There’s something wildly satisfying about Thai red curry. It’s bold, creamy, spicy (if you want it to be), and comes together faster than your microwave would reheat leftovers. This version stars prawns because they’re quick-cooking, fancy-adjacent, and secretly very low effort. You basically just drop them in and let the curry do all the heavy lifting.

Pair it with fluffy jasmine rice, a generous squeeze of lime, and a smug sense of pride that you whipped this up in under 30 minutes without setting off your smoke alarm. Gold star, you.
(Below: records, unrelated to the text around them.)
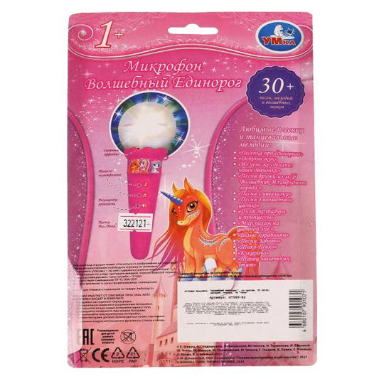 Музыкальный микрофон волшебный единорог.30 песен,звуков.свет.блист.бат. Умка в кор.120шт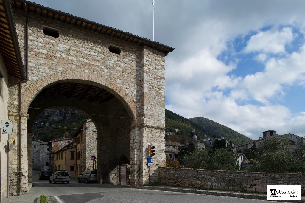 E’ una delle sette porte della cinta muraria medievale: così chiamata perchè da qui inizia via Tifernate, la strada che conduce a città di Castello. In un documento del 1337 viene anche detta Porta del Borgo, una delle cinque porte del quartiere di San Martino, quando la città ne aveva tredici. Era dotata di un ponte levatoio perché protetta da un fossato; all’ingresso sulla destra è ancora visibile il locale del gabelliere, ora trasformato in un piccolo laboratorio di pellami. Nel 1259 gli eugubini, penalizzati da un giudice di tifernate in un arbitrato con Perugia, fanno porre una lapide marmorea su questa porta con la scritta: A FIDE CASTELLANA LIBERA NOS DOMINE. La litania ripetuta anche nelle preghiere in chiesa, fu tolta dal Vescovo Mariano Savelli, nel 1561, perché considerata indecente.
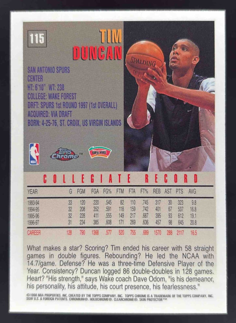 1997-98 Topps Chrome #115 Tim Duncan RC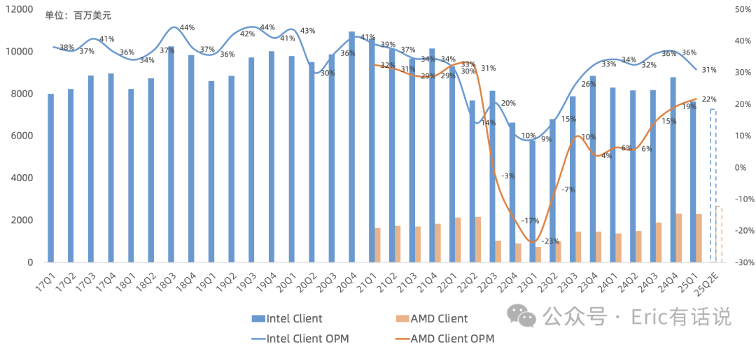 客户端营收22.94亿美元,同比增长68%,营收占比31%;游戏营收6.74亿美元,同比下滑27%,连续10个季度下滑,营收占比9%;与游戏合计经营利润4.96亿美元,游戏大概率经营亏损,客户端经营利润率约22%,不过仍低于Intel的31%;

🛒 What You’ll Need (just for you, solo curry superstar)

For the curry:

  • 150g raw peeled prawns (fresh or frozen)
  • 1–2 tsp Thai red curry paste (start small if you’re spice-shy)
  • ½ cup coconut milk
  • ½ red capsicum, thinly sliced
  • A small handful of snow peas
  • 1 tsp oil

For the rice:

  • ½ cup jasmine rice (or microwave rice—we’re here for ease)

To finish (optional but excellent):

  • Fresh coriander (aka cilantro, if you’re feeling fancy)
  • Lime wedge
  • Fresh chili slices (if you’re brave or showing off)

🍳 How to Make It

1. Cook the rice

  • Rinse your jasmine rice until the water runs clear. Add to a pot with 1 cup water, bring to a boil, then simmer on low with the lid on for about 12–15 minutes. Fluff with a fork when done.
  • Or yes, zap the microwave kind. It’s 2025—we’re not mad about shortcuts.

2. Start the curry base

  • In a pan, heat 1 tsp of oil over medium heat. Add red curry paste and sauté for 30 seconds. It’ll smell incredible and slightly threatening. That’s how you know it’s working.

3. Add coconut milk

  • Pour in your coconut milk and stir to combine. Let it simmer gently for a minute or two while your kitchen starts smelling like your favourite Thai takeaway.
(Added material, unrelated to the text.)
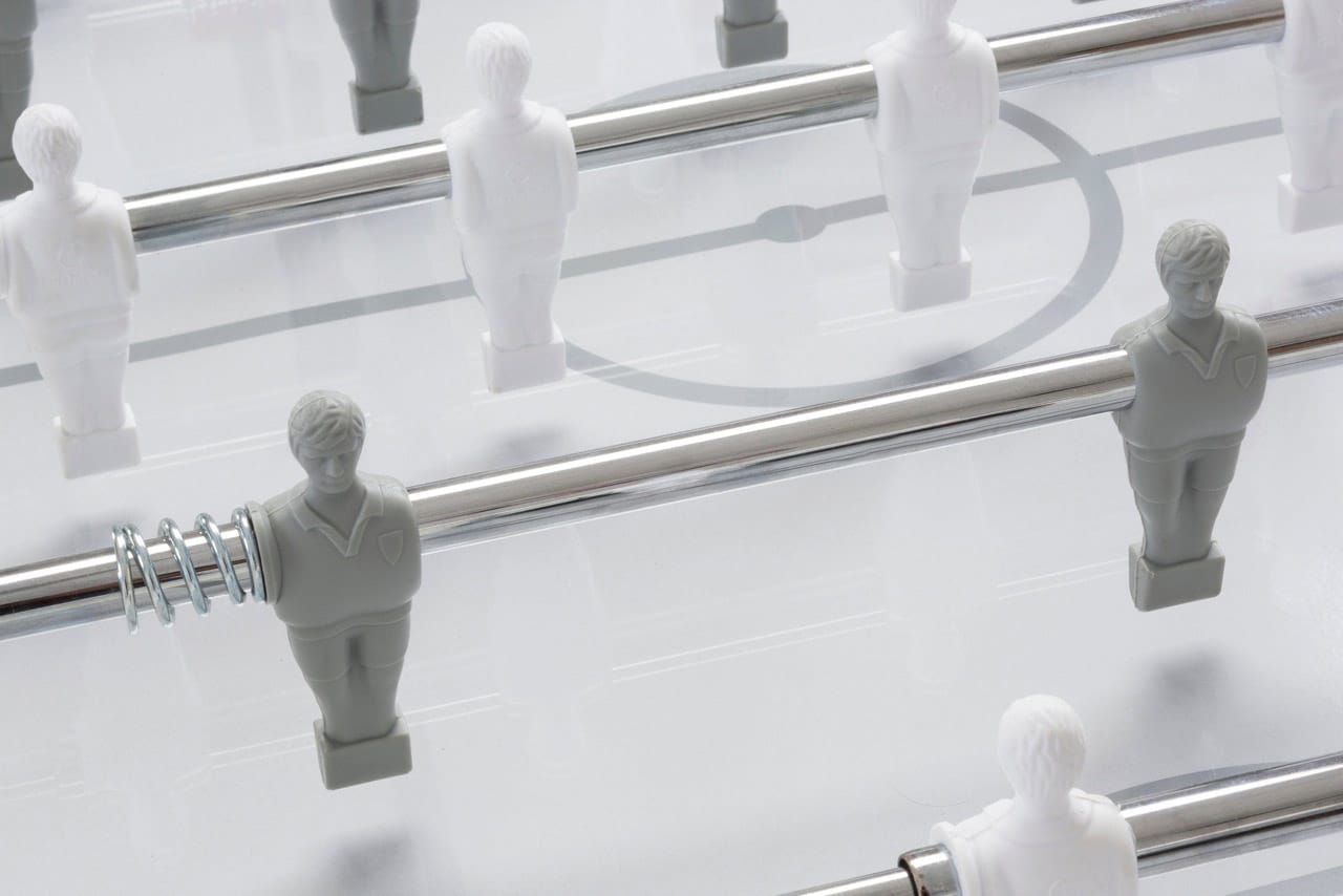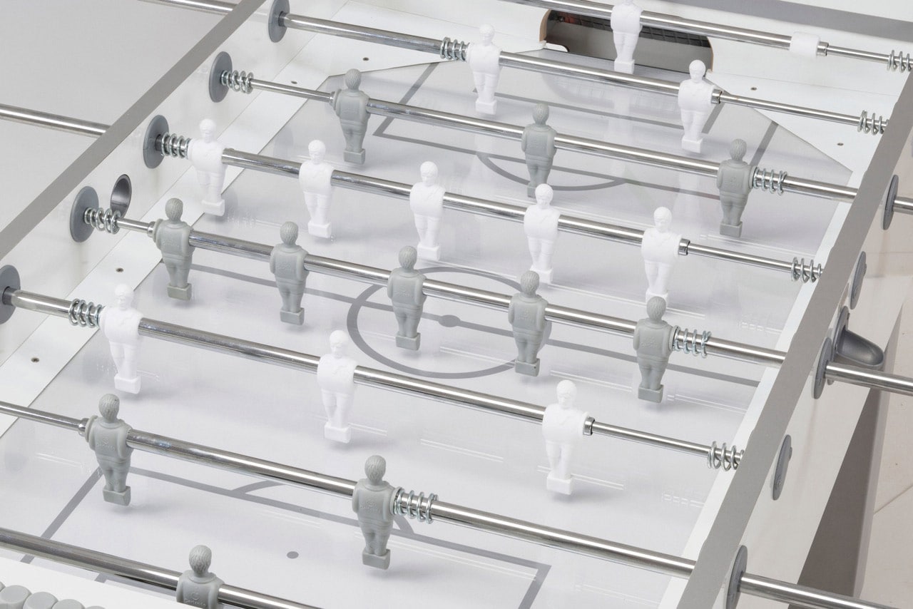 In der professionellen Ausführung (PR) gleiten die 16 mm starken Stangen in leichtgängigen Doppelkugellagern. Die kindersichere Version (SA) ist mit Teleskopstangen ausgestattet. Hierbei ragen die Stangenenden auf der gegenüberliegenden Seite nicht heraus. Die genormten und bruchsicheren Figuren sind bereits ab Werk auf die Spielstangen aufgespritzt. Metallfedern sorgen für die optimal Dämpfung an den Banden. Außerdem werden die Handgelenke durch die Kugellager geschont.

4. Toss in the prawns and veg

  • Add prawns, capsicum, and snow peas. Simmer for about 4–6 minutes, or until the prawns turn pink and opaque and your veggies are tender but still vibrant.
  • Don’t overdo it—prawns turn from juicy to rubbery faster than a text message apology after a bad date.

5. Finish it off

  • Squeeze in a bit of lime juice, sprinkle over chopped coriander, and add chili slices if you like a little fire in your bowl.

🧠 Why It Works

  • Red curry paste = big flavour in seconds. It’s got garlic, lemongrass, ginger, chili—all the good stuff pre-mixed and ready to go.
  • Prawns cook lightning fast. Less time cooking = more time enjoying.
  • It’s just fancy enough. It looks impressive, tastes even better, but won’t leave you crying over dishes or ingredient regrets.

🥄 Swaps & Tips

  • No prawns? Try chicken, tofu, or even a tin of chickpeas. All curry roads lead to delicious.
  • Dairy-free & gluten-free. Naturally dairy-free. Most curry pastes are gluten-free, but check the label if that’s important for you.
  • Less heat: Start with 1 tsp of curry paste. You can always add more spice, but it’s hard to take it back once you’re red in the face and questioning your life choices.
  • Bulk it up: Add baby spinach, broccoli florets, or whatever veg you’re trying to use up.

🧡 Perfect For:

  • A midweek meal that feels like a treat
  • Date nights where you want to look like you’ve got spice game
  • Rainy evenings, solo dinners, or post-gym hunger pangs that demand flavour—fast

🙌 Wrap-Up

There’s something deeply satisfying about slurping a warm, spicy, creamy Thai red curry that you made yourself. It’s proof that solo cooking doesn’t have to mean boring or basic—and definitely doesn’t have to mean baked beans on toast (unless that’s your vibe, in which case—carry on).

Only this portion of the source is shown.